• [Data]:

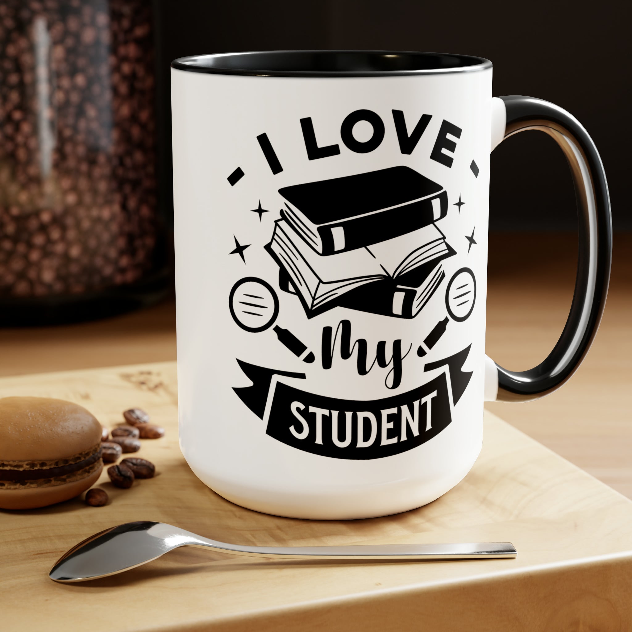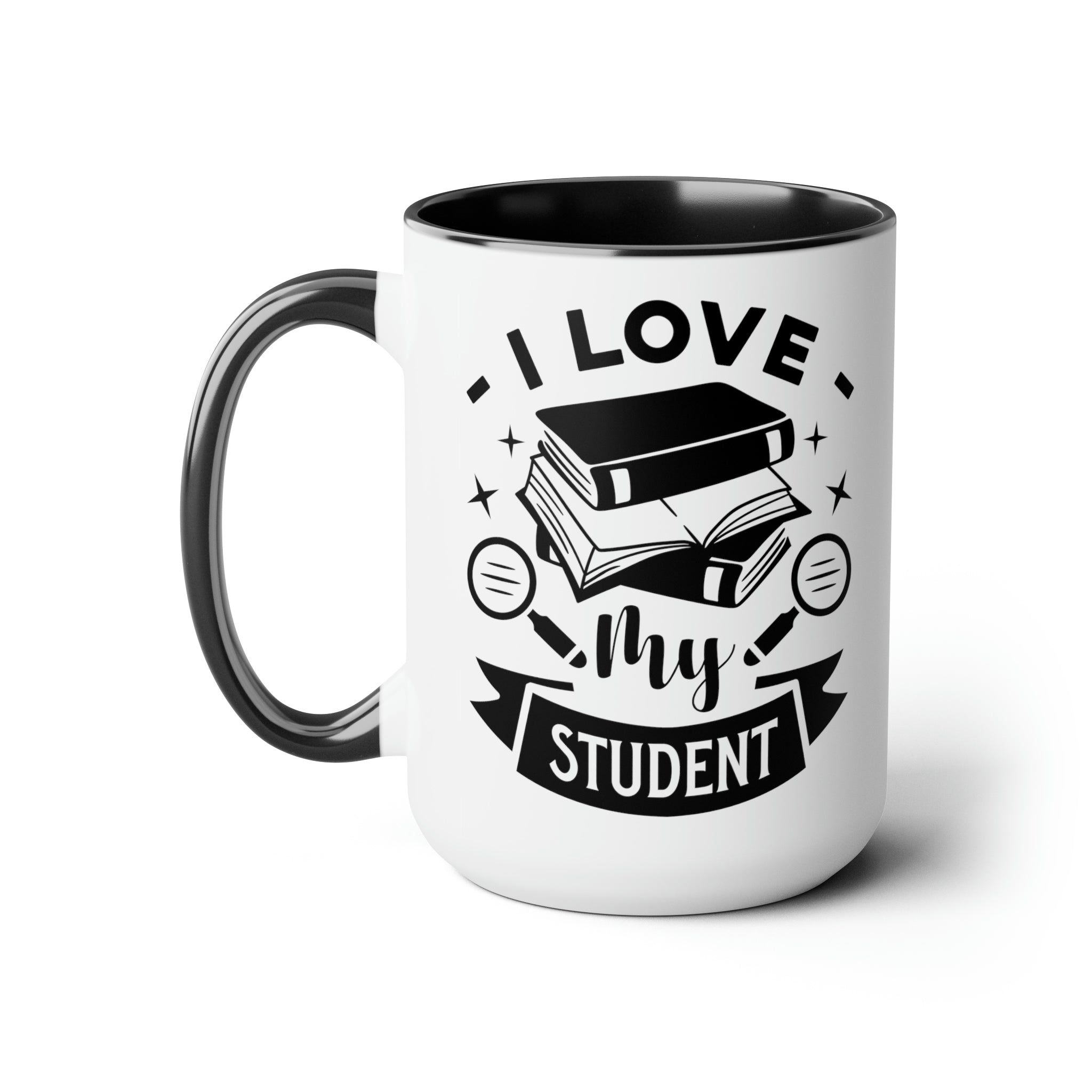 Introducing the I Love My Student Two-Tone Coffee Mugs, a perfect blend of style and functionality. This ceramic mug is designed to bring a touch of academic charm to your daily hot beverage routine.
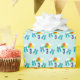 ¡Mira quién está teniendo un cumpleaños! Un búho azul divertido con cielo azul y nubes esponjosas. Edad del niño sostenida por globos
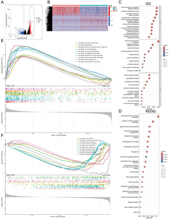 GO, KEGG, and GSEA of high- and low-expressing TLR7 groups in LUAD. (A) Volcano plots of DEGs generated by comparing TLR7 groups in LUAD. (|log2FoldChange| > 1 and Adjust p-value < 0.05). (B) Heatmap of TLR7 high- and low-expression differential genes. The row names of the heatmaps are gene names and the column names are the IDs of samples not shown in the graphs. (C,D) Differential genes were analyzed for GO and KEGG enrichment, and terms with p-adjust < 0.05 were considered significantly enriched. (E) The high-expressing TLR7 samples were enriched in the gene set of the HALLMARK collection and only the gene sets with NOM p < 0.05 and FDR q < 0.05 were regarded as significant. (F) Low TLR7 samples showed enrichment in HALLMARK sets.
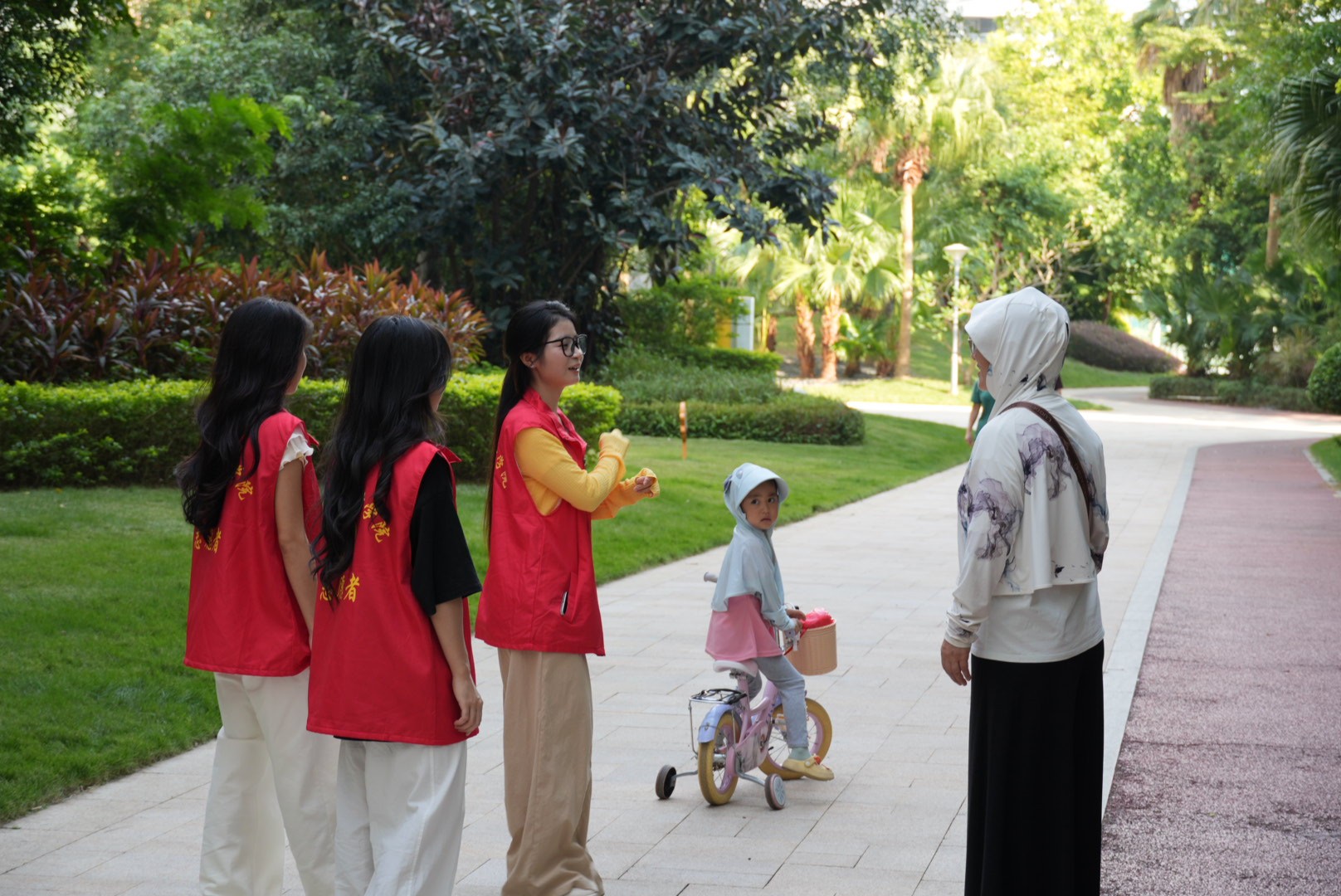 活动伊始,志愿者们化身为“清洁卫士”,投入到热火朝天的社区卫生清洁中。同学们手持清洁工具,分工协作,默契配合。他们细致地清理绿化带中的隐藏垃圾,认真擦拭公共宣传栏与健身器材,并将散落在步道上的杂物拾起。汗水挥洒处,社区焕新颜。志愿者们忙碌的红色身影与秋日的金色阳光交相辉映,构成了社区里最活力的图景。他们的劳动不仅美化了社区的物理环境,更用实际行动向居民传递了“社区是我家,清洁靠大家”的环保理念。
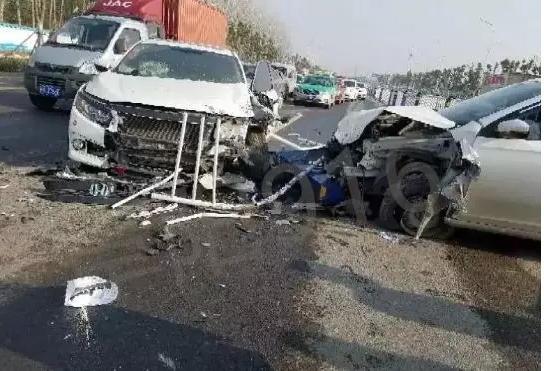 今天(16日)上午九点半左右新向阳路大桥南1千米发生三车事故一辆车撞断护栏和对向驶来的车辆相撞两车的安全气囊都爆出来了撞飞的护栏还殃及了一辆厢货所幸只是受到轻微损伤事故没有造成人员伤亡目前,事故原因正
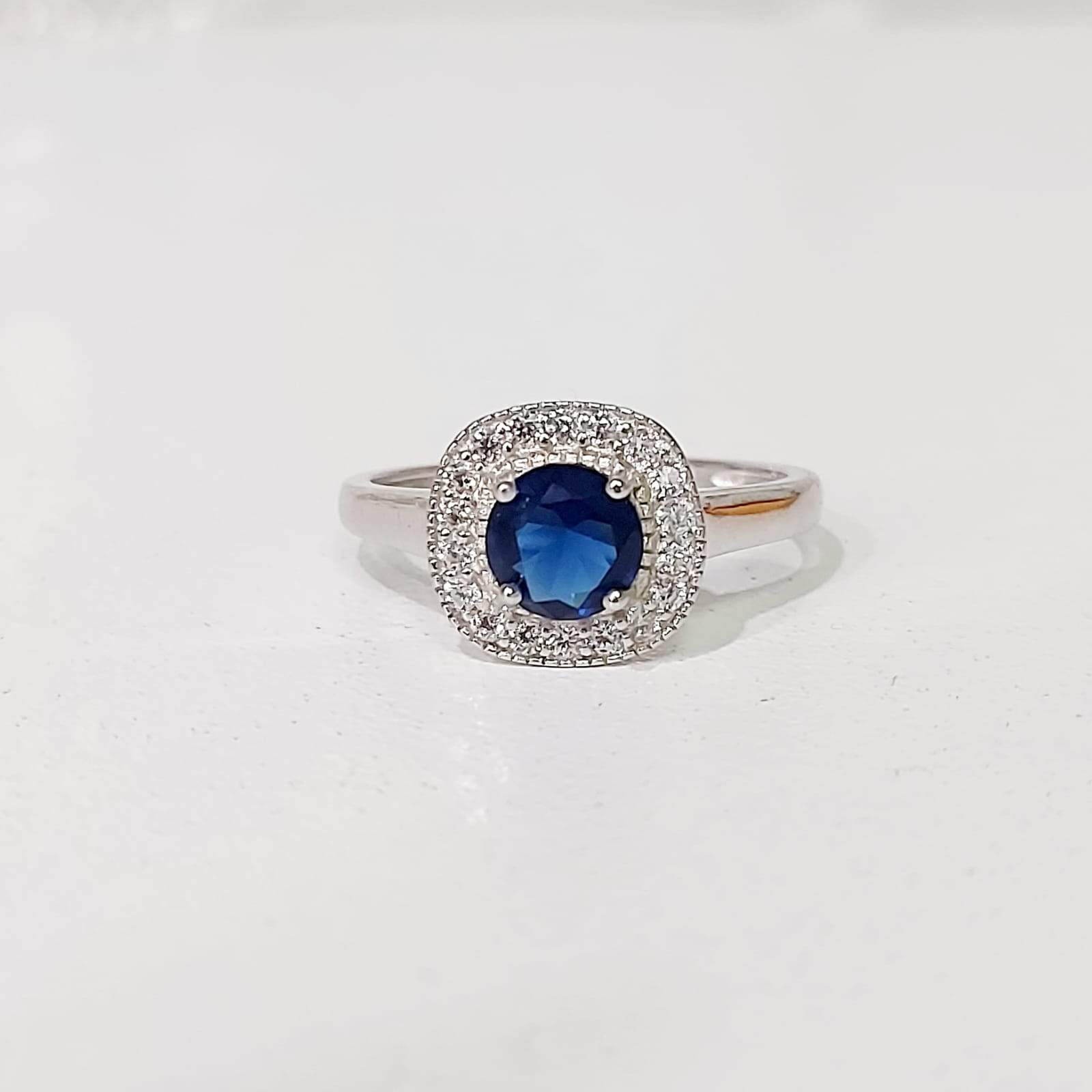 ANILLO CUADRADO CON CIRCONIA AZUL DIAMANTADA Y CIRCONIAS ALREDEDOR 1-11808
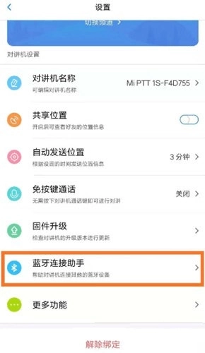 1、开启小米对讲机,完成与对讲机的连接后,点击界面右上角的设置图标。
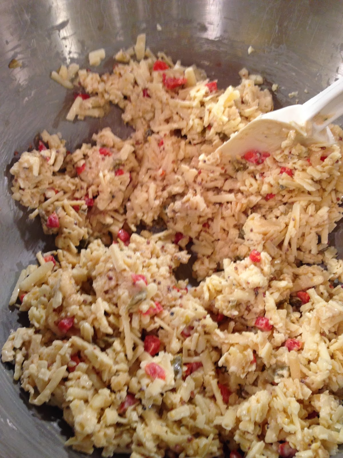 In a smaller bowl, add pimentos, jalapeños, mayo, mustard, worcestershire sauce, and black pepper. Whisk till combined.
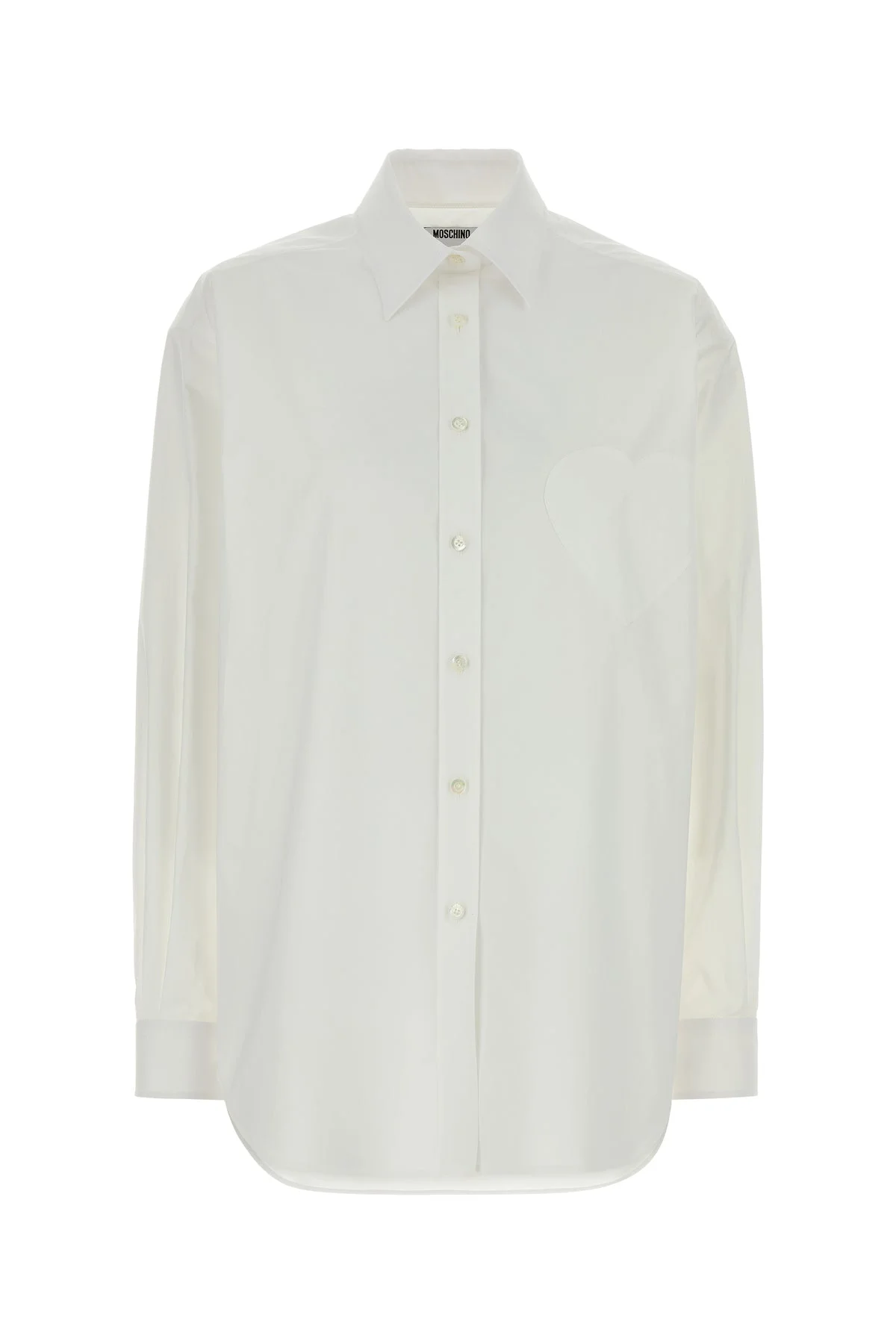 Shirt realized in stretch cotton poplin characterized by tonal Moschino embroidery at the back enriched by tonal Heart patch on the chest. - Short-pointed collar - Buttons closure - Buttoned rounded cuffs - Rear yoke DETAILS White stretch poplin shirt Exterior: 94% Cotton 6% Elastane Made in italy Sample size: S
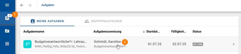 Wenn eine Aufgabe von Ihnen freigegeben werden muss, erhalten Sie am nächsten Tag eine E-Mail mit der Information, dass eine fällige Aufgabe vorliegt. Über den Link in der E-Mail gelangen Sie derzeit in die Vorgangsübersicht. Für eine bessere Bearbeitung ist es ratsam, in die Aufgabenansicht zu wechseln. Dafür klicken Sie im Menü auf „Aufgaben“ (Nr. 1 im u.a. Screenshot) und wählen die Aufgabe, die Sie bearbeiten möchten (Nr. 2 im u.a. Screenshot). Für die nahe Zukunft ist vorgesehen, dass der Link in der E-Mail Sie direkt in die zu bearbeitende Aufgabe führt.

• [Description of the task]:
For this exercise, transcribe the entries verbatim and skip all pictures.

• [Output of the exercise]:
 Introducing the I Love My Student Two-Tone Coffee Mugs, a perfect blend of style and functionality. This ceramic mug is designed to bring a touch of academic charm to your daily hot beverage routine.
 ¡Mira quién está teniendo un cumpleaños! Un búho azul divertido con cielo azul y nubes esponjosas. Edad del niño sostenida por globos
 GO, KEGG, and GSEA of high- and low-expressing TLR7 groups in LUAD. (A) Volcano plots of DEGs generated by comparing TLR7 groups in LUAD. (|log2FoldChange| > 1 and Adjust p-value < 0.05). (B) Heatmap of TLR7 high- and low-expression differential genes. The row names of the heatmaps are gene names and the column names are the IDs of samples not shown in the graphs. (C,D) Differential genes were analyzed for GO and KEGG enrichment, and terms with p-adjust < 0.05 were considered significantly enriched. (E) The high-expressing TLR7 samples were enriched in the gene set of the HALLMARK collection and only the gene sets with NOM p < 0.05 and FDR q < 0.05 were regarded as significant. (F) Low TLR7 samples showed enrichment in HALLMARK sets.
 活动伊始,志愿者们化身为“清洁卫士”,投入到热火朝天的社区卫生清洁中。同学们手持清洁工具,分工协作,默契配合。他们细致地清理绿化带中的隐藏垃圾,认真擦拭公共宣传栏与健身器材,并将散落在步道上的杂物拾起。汗水挥洒处,社区焕新颜。志愿者们忙碌的红色身影与秋日的金色阳光交相辉映,构成了社区里最活力的图景。他们的劳动不仅美化了社区的物理环境,更用实际行动向居民传递了“社区是我家,清洁靠大家”的环保理念。
 今天(16日)上午九点半左右新向阳路大桥南1千米发生三车事故一辆车撞断护栏和对向驶来的车辆相撞两车的安全气囊都爆出来了撞飞的护栏还殃及了一辆厢货所幸只是受到轻微损伤事故没有造成人员伤亡目前,事故原因正
 ANILLO CUADRADO CON CIRCONIA AZUL DIAMANTADA Y CIRCONIAS ALREDEDOR 1-11808
 1、开启小米对讲机,完成与对讲机的连接后,点击界面右上角的设置图标。
 In a smaller bowl, add pimentos, jalapeños, mayo, mustard, worcestershire sauce, and black pepper. Whisk till combined.
 Shirt realized in stretch cotton poplin characterized by tonal Moschino embroidery at the back enriched by tonal Heart patch on the chest. - Short-pointed collar - Buttons closure - Buttoned rounded cuffs - Rear yoke DETAILS White stretch poplin shirt Exterior: 94% Cotton 6% Elastane Made in italy Sample size: S
 Wenn eine Aufgabe von Ihnen freigegeben werden muss, erhalten Sie am nächsten Tag eine E-Mail mit der Information, dass eine fällige Aufgabe vorliegt. Über den Link in der E-Mail gelangen Sie derzeit in die Vorgangsübersicht. Für eine bessere Bearbeitung ist es ratsam, in die Aufgabenansicht zu wechseln. Dafür klicken Sie im Menü auf „Aufgaben“ (Nr. 1 im u.a. Screenshot) und wählen die Aufgabe, die Sie bearbeiten möchten (Nr. 2 im u.a. Screenshot). Für die nahe Zukunft ist vorgesehen, dass der Link in der E-Mail Sie direkt in die zu bearbeitende Aufgabe führt.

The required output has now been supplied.